3. Verzoekster heeft in het kader van haar verzoek om een voorlopige voorziening het volgende aangevoerd. Volgens verzoekster dekt de aan haar toegekende immateriële schadevergoeding niet de door haar geleden immateriële en materiële schade. Daartoe heeft verzoekster onder meer aangevoerd dat zij als gevolg van de gewraakte zinsnede kampt met ernstige gezondheidsklachten die zijn verergerd door de slopende juridische procedures die zij tegen het college heeft moeten voeren.
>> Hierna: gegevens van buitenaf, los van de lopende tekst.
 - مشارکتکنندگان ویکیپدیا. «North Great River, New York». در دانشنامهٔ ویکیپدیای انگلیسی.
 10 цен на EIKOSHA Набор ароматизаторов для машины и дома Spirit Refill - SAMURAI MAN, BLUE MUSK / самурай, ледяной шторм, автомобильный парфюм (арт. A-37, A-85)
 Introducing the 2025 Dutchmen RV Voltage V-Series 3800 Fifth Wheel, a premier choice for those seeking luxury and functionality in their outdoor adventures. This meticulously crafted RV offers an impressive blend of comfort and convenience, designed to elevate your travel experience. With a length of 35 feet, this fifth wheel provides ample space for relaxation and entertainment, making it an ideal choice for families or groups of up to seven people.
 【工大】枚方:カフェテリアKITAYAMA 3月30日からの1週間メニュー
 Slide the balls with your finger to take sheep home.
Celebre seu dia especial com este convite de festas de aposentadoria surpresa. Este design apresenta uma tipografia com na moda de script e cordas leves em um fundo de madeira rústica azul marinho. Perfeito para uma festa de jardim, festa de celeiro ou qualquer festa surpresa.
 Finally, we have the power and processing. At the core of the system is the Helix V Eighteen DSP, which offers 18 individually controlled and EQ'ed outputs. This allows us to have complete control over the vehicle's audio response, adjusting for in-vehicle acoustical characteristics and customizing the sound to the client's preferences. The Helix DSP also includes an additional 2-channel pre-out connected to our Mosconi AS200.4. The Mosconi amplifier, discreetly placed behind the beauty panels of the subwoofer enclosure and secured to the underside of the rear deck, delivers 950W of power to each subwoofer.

Verzoekster stelt dat zij recht heeft op vergoeding van schade tot een totaalbedrag van € 3.504.000,-. Verzoekster verzoekt om bij wijze van voorlopige voorziening het college te veroordelen tot vergoeding van schade en een voorschot van € 8.400,- aan haar toe te kennen.
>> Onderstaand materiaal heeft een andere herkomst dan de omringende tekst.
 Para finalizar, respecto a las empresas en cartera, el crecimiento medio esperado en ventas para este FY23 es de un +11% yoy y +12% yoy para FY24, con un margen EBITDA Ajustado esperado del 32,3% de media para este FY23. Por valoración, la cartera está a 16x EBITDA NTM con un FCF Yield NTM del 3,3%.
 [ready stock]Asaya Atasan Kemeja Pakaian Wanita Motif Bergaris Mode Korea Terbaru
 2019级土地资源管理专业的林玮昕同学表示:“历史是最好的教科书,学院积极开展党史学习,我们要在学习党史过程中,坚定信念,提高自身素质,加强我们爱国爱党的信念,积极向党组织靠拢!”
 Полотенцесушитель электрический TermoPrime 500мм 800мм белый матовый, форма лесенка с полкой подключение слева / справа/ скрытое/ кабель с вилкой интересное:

4. Naar aanleiding van dit verzoek komt de voorzieningenrechter tot de volgende beoordeling.
4.1.
Op grond van de artikelen 8:104, eerste lid, en 8:108, eerste lid, in verbinding met
artikel 8:81 van de Algemene wet bestuursrecht (Awb) kan, indien tegen een uitspraak van de rechtbank of de voorzieningenrechter van de rechtbank hoger beroep is ingesteld, de voorzieningenrechter van de Raad op verzoek een voorlopige voorziening treffen indien onverwijlde spoed, gelet op de betrokken belangen, dat vereist.
4.2.
Vooropgesteld wordt dat de omstandigheid dat de aangevallen uitspraak naar de mening van verzoekster niet in stand zal kunnen blijven en zij een uitspraak wenst over een hogere schadevergoeding - wat daar verder ook van zij - op zichzelf niet een voldoende grondslag vormt voor het oordeel dat sprake is van onverwijlde spoed die het treffen van een voorlopige voorziening vordert.
4.3.
Hetgeen verzoekster heeft aangevoerd levert geen grond op om te oordelen dat sprake is van een (financieel) spoedeisend belang bij het treffen van de gevraagde voorziening. In dit verband laat de voorzieningenrechter in het bijzonder wegen dat verzoekster bijstand ontvangt naar de norm voor een alleenstaande ouder. De omstandigheid dat verzoekster meent recht te hebben op een hogere schadevergoeding dan het door de rechtbank toegekende bedrag van
€ 300,-, levert op zichzelf geen spoedeisend belang op voor het treffen van een voorlopige voorziening.
4.4.
Ook anderszins is de voorzieningenrechter niet gebleken van een voor verzoekster zo zwaarwegend belang dat behandeling van de bodemprocedure niet door haar zou kunnen worden afgewacht. Dat blijkt in ieder geval niet uit de brief van verzoekster van 3 januari 2016.
4.5.
Het verzoek is gelet op het hiervoor overwogene kennelijk ongegrond, zodat de voorzieningenrechter met toepassing van artikel 8:83, derde lid, van de Awb, buiten zitting uitspraak zal doen.
5. Voor bepalingen omtrent proceskosten en griffierecht is geen aanleiding.

BESLISSING

De voorzieningenrechter van de Centrale Raad van Beroep wijst het verzoek om een voorlopige voorziening af.
Deze uitspraak is gedaan door G.M.G. Hink, in tegenwoordigheid van C. Moustaïne als griffier. De beslissing is uitgesproken in het openbaar op 26 januari 2016.